Javed was at home in the bathroom when his family got to know what was happening. “I came out, and I heard my mother cry,” he told me. “She was in the lobby; she sat down and she was crying … she was like, ‘They’re going to kill him.’ My legs were quivering. I went back to the washroom and I locked myself in. I couldn’t see that.” He only stepped out of the bathroom once he learnt that his brother was safe. He did not blame the armed forces in the area. “It’s just the kind of conditions they’ve been put in,” he said. “They don’t want that life, they’re just following orders. I know who’s controlling them.” Yet, the incident has stayed with him.

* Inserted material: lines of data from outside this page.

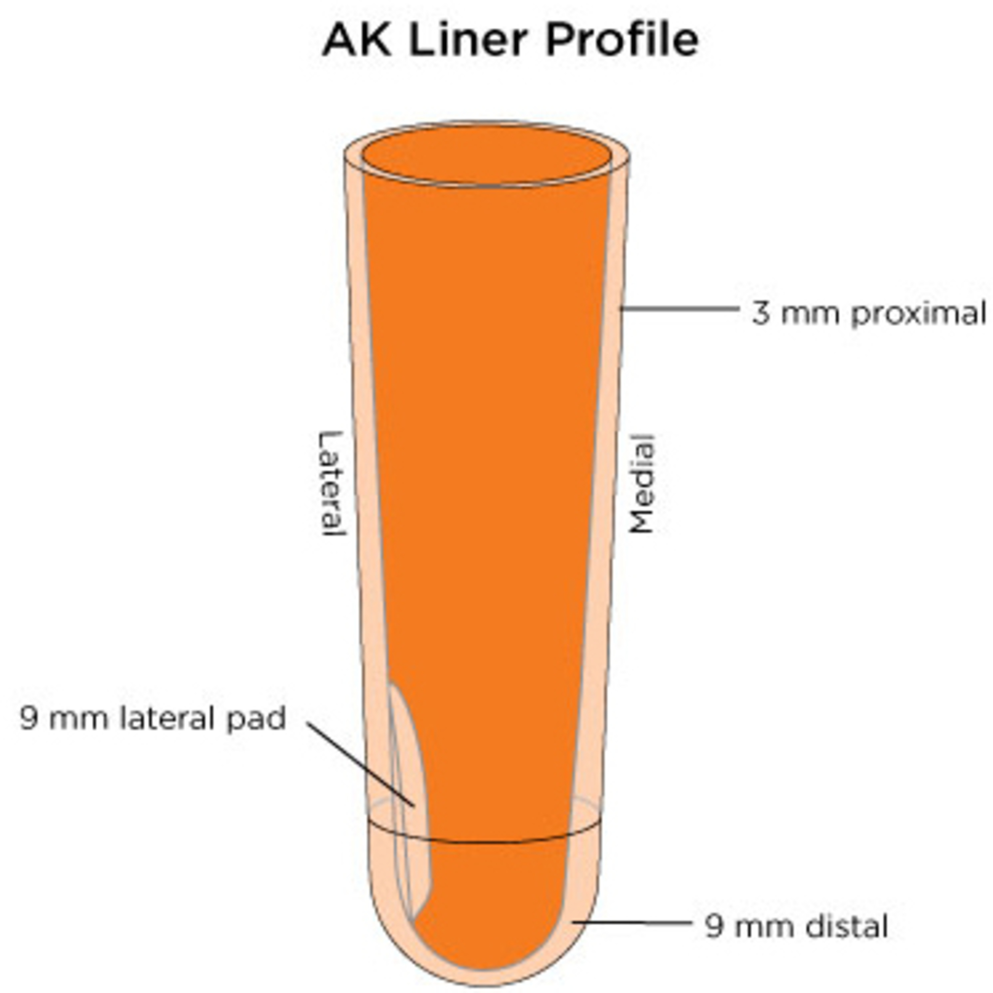 The Express AK Liner features a softer-durometer silicone that replicates the feel and comfort of Thermoplastic Elastomer (TPE) gel liners. The platinum-cured, medical-grade silicone contains skin-friendly Vitamin E to foster a healthy limb environment. No messy lotions or creams are necessary to don the liner. The Express AK Locking Liner features a standard distal umbrella, while, the cushion liner is compatible with elevated vacuum when using Select fabric.1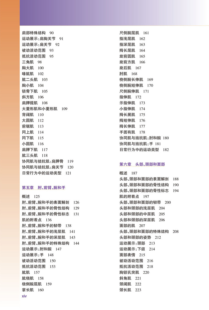 ● 立体图片 帮助读者“通过”皮肤逐层了解、进而掌握人体的结构;还对骨性和肌性标志进行了清晰的描述,以便学习触诊。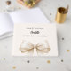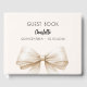 A beig, cream background colour. Decorated with a large bow. Personalise and add your name, text.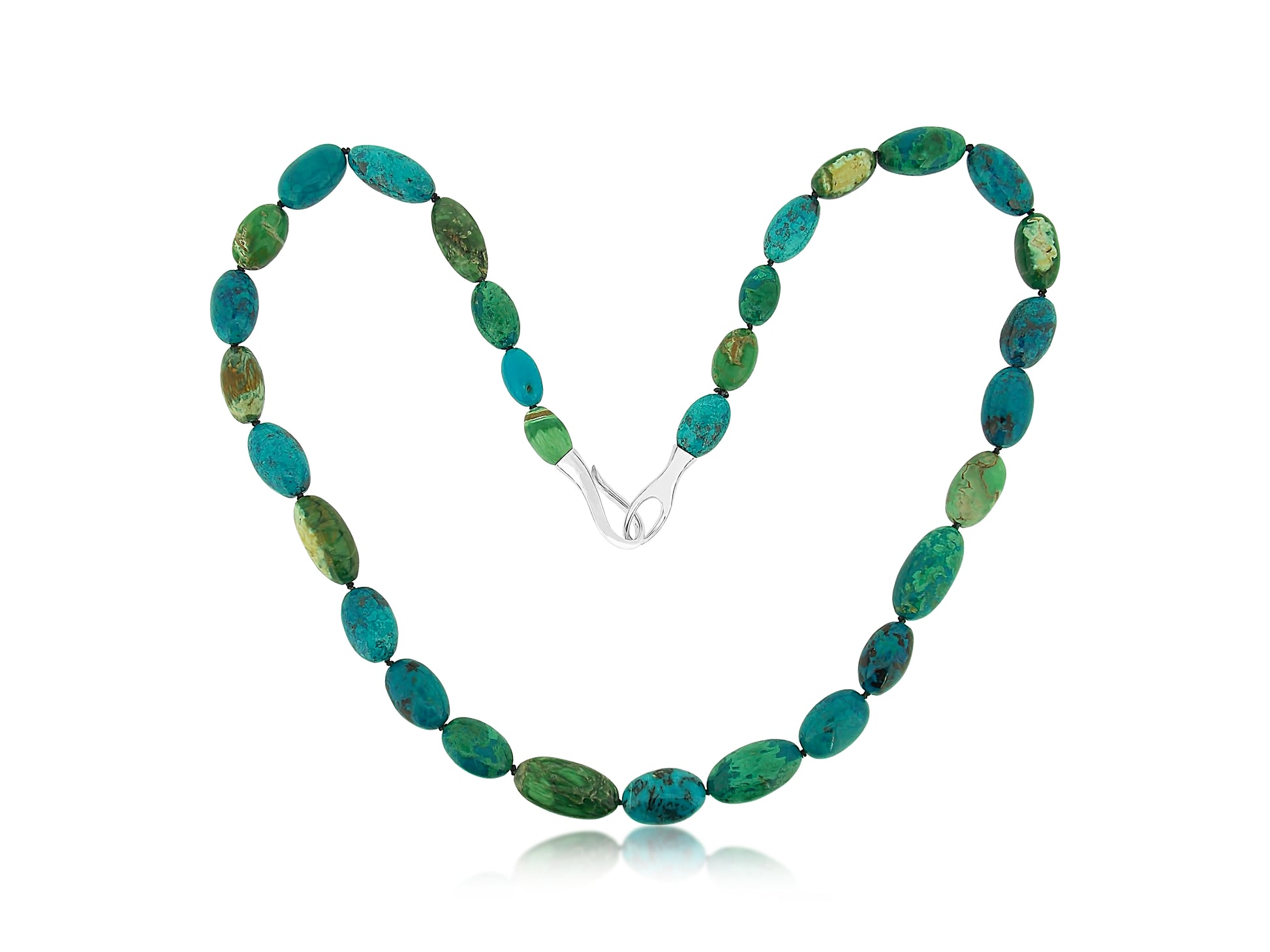 Beautiful mix of Shattuckite, Variscite, Kingman Turquoise, Chrysocolla, and Azurite - stones are from America. All hand cut into fabulous large oval beads. Hand-knotted by artist, Kerri Votaw Kliewer into a 25 inch long necklace

In early July this year, Javed, now a 24-year-old rapper, released his debut album, Little Kid, Big Dreams, in collaboration with Sajeel Kapoor, a Delhi-based producer who goes by the moniker Sez On The Beat, via the independent hip-hop label Azadi Records. The album is an eight-song hip-hop record about Javed’s experiences growing up in Srinagar and navigating the volatile political past and present of the region. We met, incidentally, on 5 August, just a few hours after the central government announced that it had scrapped the special status granted to Jammu and Kashmir under Article 370 of the Indian Constitution.